What can i do? Is there something i'm not running, or haven't enabled?

Edit: well what a suprise, i switched to my other tab after posting this, just to check the error again.. and it worked (BUT i didn't change anything!!!!). But it still isn't working at all for normal users...

----------

## slartibartfasz

what do u mean with 'normal users'? command line? apache? some yes some no? root only?

and u should always 'use strict;' in your scripts!

----------

## SPo0n

yes i know i should use strict but that was a quick script i knocked up to test

By normal users i mean any user - aka my user named jamie. I want to be able to use both shell and apache perl/cgi.

----------

## slartibartfasz

ok: it works for apache, it works for root but for no one else.

what it the errormessage if anyone else tries to execute it? double check the permissions on the file or 'chmod o+x file'. if this still doesnt help - compare the output of the 'env' command for jamie and root.

----------

## SPo0n

it seems to let me execute it as jamie (the file in /home/httpd/cgi-bin) from the shell. no errors at all, exactly the same output as if root did it.

Even if i su root it gives me the env stuff for jamie, rather than root, how can i get around that?

----------

## splooge

su - jamie

edit: I think I meant su - root.  =)  that should bring over the new environment stuffs.

I have no idea if this is the problem or not: but have you tried setting the permissions to be world executable?  That might help (though it might be insecure, but your script looks pretty safe ;p)

chmod xx5 /path/to/script

alternatively:

chmod o+x /path/to/script

I'm probably way off here but whatever.   =)

----------

## SPo0n

i already tried o+x and still get the 500 internal server error  :Sad: 

I guess i'll have to edit my scripts as root and use them from httpd's folder

----------

## slartibartfasz

 *Quote:*   

> But it still isn't working at all for normal users...

 

 *SPo0n wrote:*   

> it seems to let me execute it as jamie (the file in /home/httpd/cgi-bin) from the shell. no errors at all, exactly the same output as if root did it.

 

aehm - where is the problem now? sorry if i'm a little bit slow but u say it works in apache, it works as root and it works for jamie...  :Question: 

----------

## splooge

Yeah apparently I have a huge reading comprehension problem this time of the morning ...

    # ScriptAlias: This controls which directories contain server scripts.

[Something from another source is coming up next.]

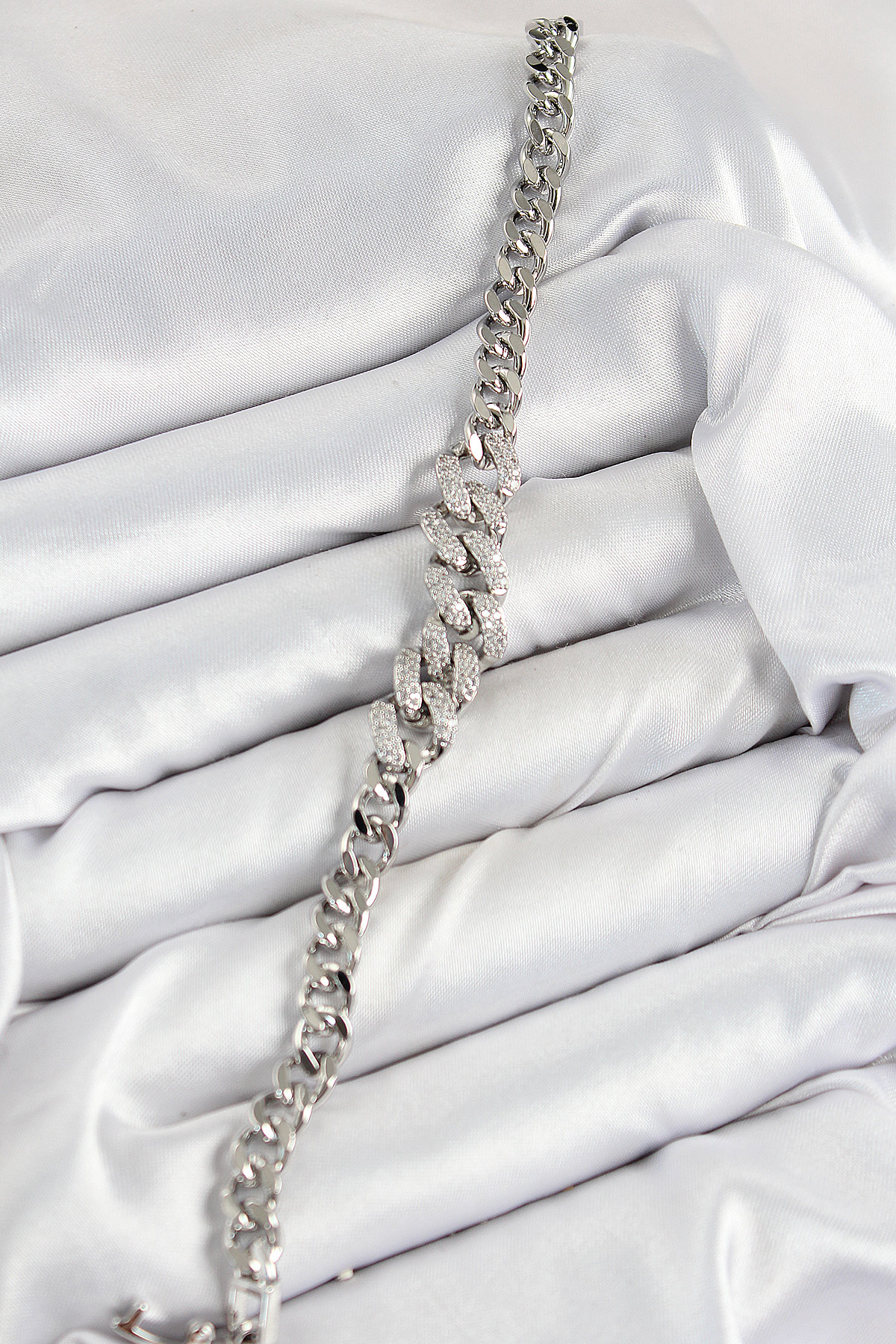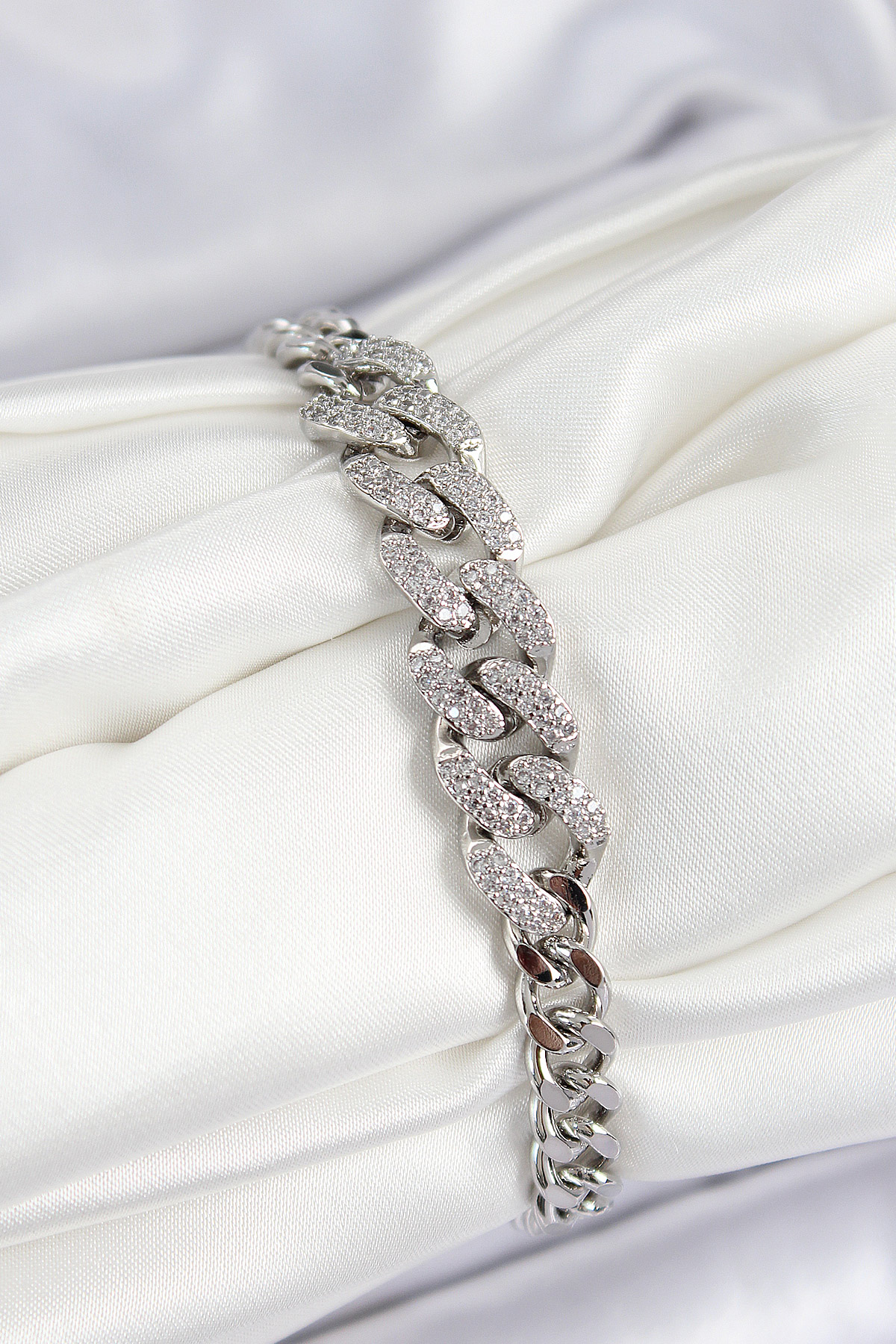 Pirinç Zirkon Taşlı Küba Zincir Model Gümüş Renk Kadın Bileklik - 264379
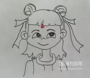 最后我们画出哪吒额头上的一点红,然后用黑色的笔描一下。

    # ScriptAliases are essentially the same as Aliases, except that

    # documents in the realname directory are treated as applications and

    # run by the server when requested rather than as documents sent to the cli$

    # The same rules about trailing "/" apply to ScriptAlias directives as to

    # Alias.

    #

    ScriptAlias /cgi-bin/ /home/httpd/cgi-bin/

Does that help at all?

----------

## SPo0n

 *slartibartfasz wrote:*   

>  *Quote:*   But it still isn't working at all for normal users... 
> 
>  *SPo0n wrote:*   it seems to let me execute it as jamie (the file in /home/httpd/cgi-bin) from the shell. no errors at all, exactly the same output as if root did it. 
> 
> aehm - where is the problem now? sorry if i'm a little bit slow but u say it works in apache, it works as root and it works for jamie... 

 

no the problem is it doesn't work in apache for my regular user.

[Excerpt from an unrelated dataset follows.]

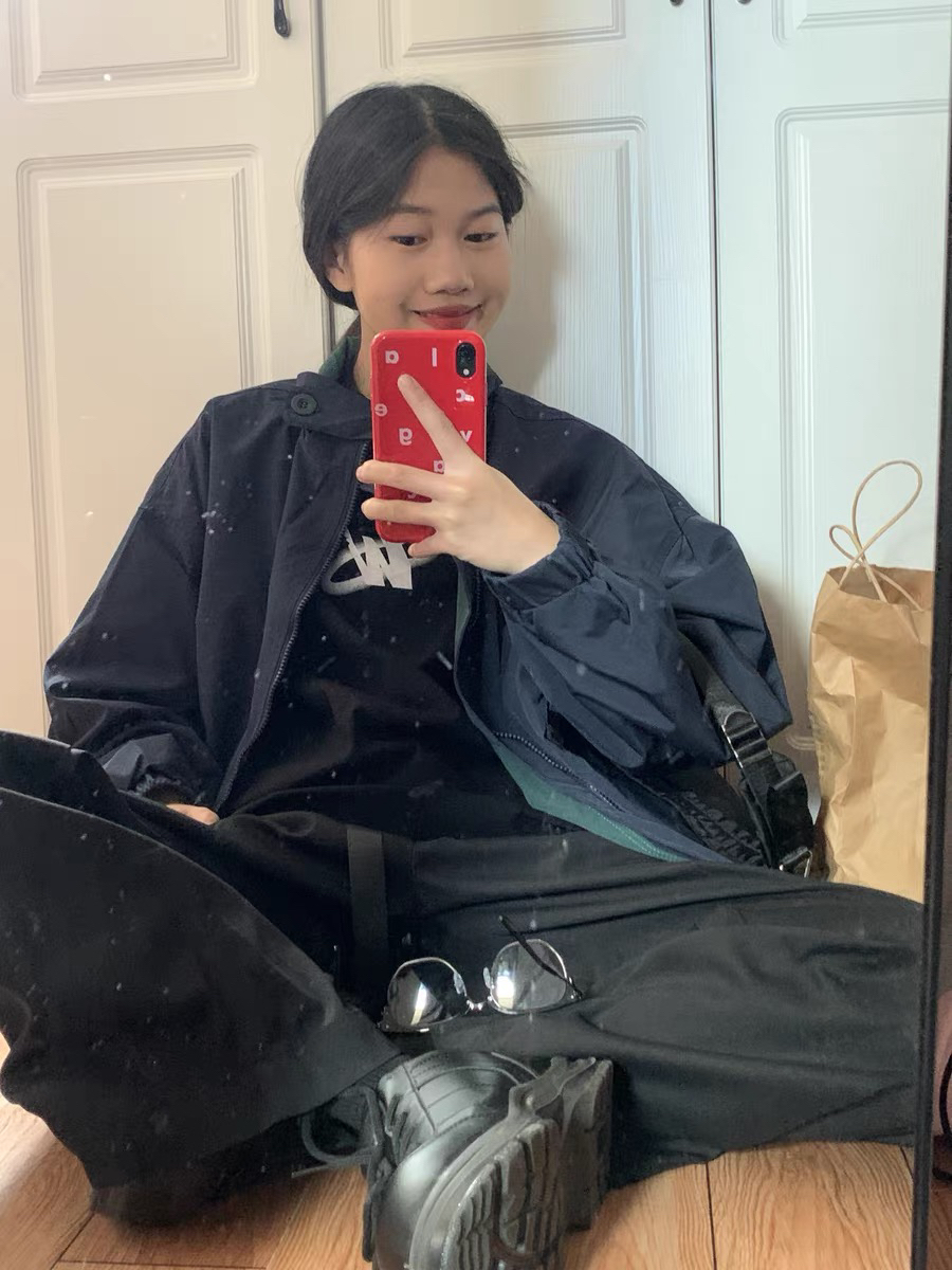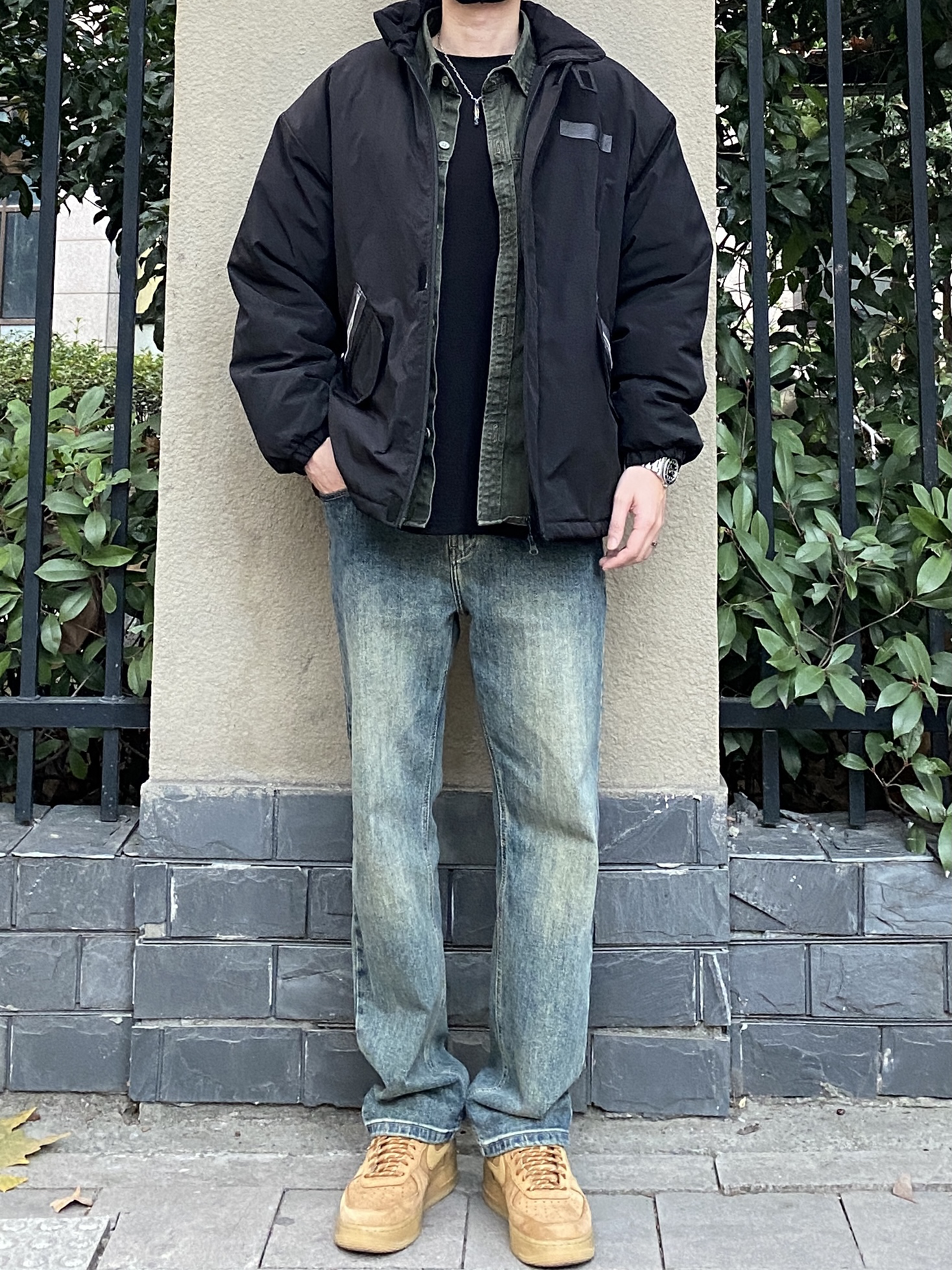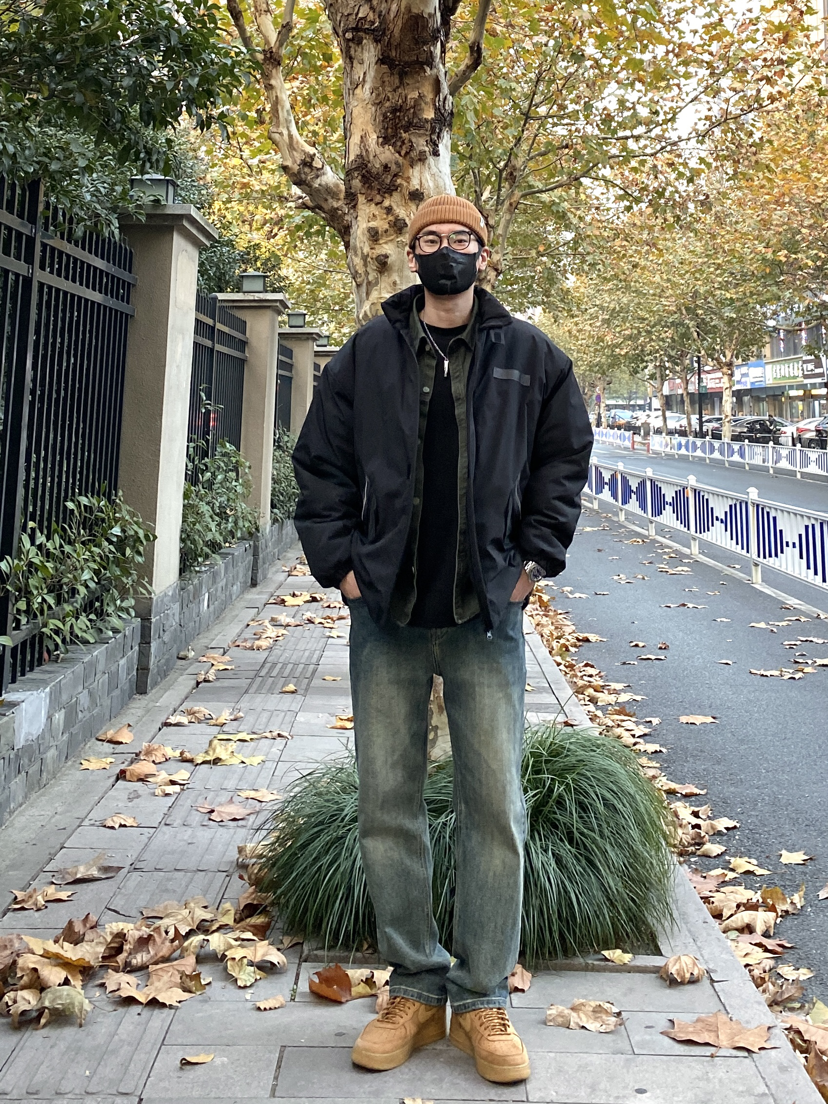 今天这套先用军绿色做旧工装衬衫做叠穿,裤子选择不挑腿型的水洗直筒牛仔裤,鞋子上脚经典百搭的小麦色af1,接着套上黑色宽松阔版多口袋立领棉服夹克,最后戴一顶姜黄色线帽,OK,出门看看搭配效果吧! - 今日穿搭 衣服裤子:NICE LILI 鞋子:AF1小麦

i'll check (again) that i have the script alias thing in my apache config(s).

----------

## DefconAlpha

You could always try re-emerging apache and mod_perl at the same time again. My apache always ran scripts right out of the box when i freshly emerged it. I never got a bunch of user cgi directories working, but i did have the main cgi-bin working just lovely... (even with python too :P )

You will definitely want to run the etc-update and overwrite your old file with the new one, so back up your existing configs and see if that works.

Also, give the output of `ls -l /path/to/script'

It will help a little bit... Oh, is apache running as nobody or apache? if the script isn't readable by the apache process it won't be executed at all...

Hope this helps...

----------

## slartibartfasz

 *SPo0n wrote:*   

> no the problem is it doesn't work in apache for my regular user

 

ah - we are getting closer now  :Wink:  - ok: apache doesnt usually change how it works on behalf of the client that connects. it will allways execute scripts as 'apache' (or as whatever u set it to in the config file).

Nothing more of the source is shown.